Tribuners adalah platform jurnalisme warga. Untuk berkontribusi, anda bisa mengirimkan karya dalam bentuk berita, opini, esai, maupun kolom ke email: redaksi@tribunnews.com.
Konten menjadi tanggungjawab penulis dan tidak mewakili pandangan redaksi tribunnews.com.
Perlukah Sumpah Pemuda Jilid II?
Kita yakin Presiden Jokowi bangga menggunakan bahasa Indonesia di dalam dan luar negeri.
Editor: Hasanudin Aco
Sebagai mantan pebisnis yang kerap ke luar negeri dan berinteraksi dengan orang-orang asing, diyakini Presiden Jokowi lancar berbahasa Inggris meski mungkin tidak mahir-mahir amat.
Jadi, bila ada asumsi Jokowi sering mewakilkan ke JK untuk hadir dalam Sidang Umum PBB karena mantan Gubernur DKI Jakarta itu kurang fasih berbahasa Inggris, mungkin kurang tepat.
Kita yakin Presiden Jokowi lebih bangga menggunakan bahasa Indonesia daripada bahasa asing, dan memang sudah seharusnya demikian.
Masih segar dalam ingatan kita ketika menjadi Presiden, almarhum Pak Harto juga selalu menggunakan bahasa Indonesia dalam pidato resminya di forum domestik maupun internasional.
Bukan karena Pak Harto tidak mahir berbahasa Inggris, melainkan karena ia bangga dengan bahasa Indonesia.
Bahasa menunjukkan bangsa. Dengan berbahasa Indonesia di forum internasional, maka Pak Harto mengangkat nama Indonesia di mata dunia.
Perhatikan pula bangsa-bangsa lain seperti Jepang, Tingkok, Korea, Perancis, Jerman dan sebagainya yang lebih bangga menggunakan bahasa nasional mereka masing-masing meski sedang berada di luar negeri.

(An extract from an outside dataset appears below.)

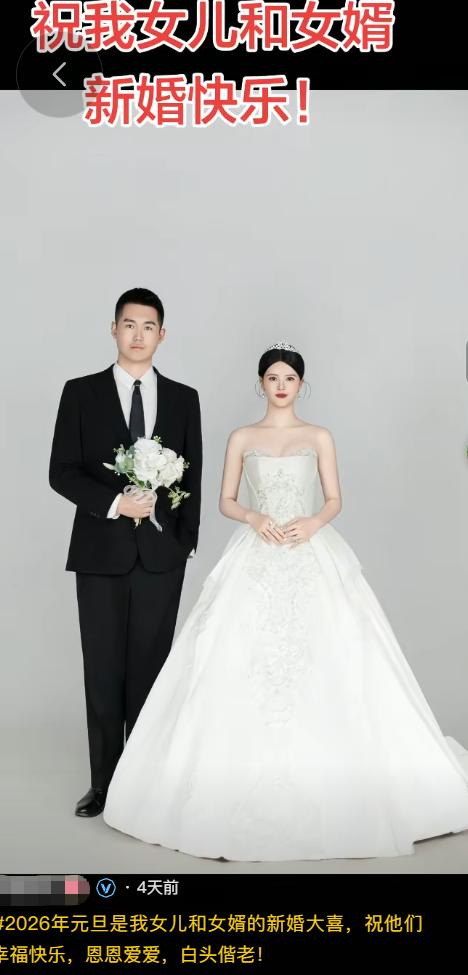 查看下老丈人的社媒账号,1月3日的时候,晒了一张女儿与女婿婚礼的照片。

Kini, apa yang terjadi dengan Indonesia?
Bangsa kita, terutama anak-anak remaja di perkotaan, ada kecenderungan lebih bangga menggunakan bahasa asing seperti bahasa Inggris, Mandarin, atau Arab dalam pergaulan sehari-hari.
Dengan berbahasa asing mereka merasa seakan memiliki kelas tersendiri. Sudah lunturkah kebanggan kita berbahasa Indonesia?
Bahasa menunjukkan bangsa. Sudah lunturkah kebanggaan kita sebagai bangsa Indonesia, ketika kita enggan berbahasa Indonesia? Dari titik ini nasionalisme dan patriotisme kita pun dipertanyakan.
Tidak hanya remaja, di sepanjang jalan protokol Ibu Kota pun banyak papan nama dan reklame yang menggunakan bahasa asing.
Bahkan perusahaan-perusahaan domestik pun menggunakan nama dengan bahasa asing, di antaranya Lion Air, Bank Central Asia (BCA), dan sebagainya.
Kawasan bisnis di Semanggi, Jakarta Selatan, pun menggunakan nama dengan bahasa Inggris, yakni Sudirman Central Business Distric (SCBD).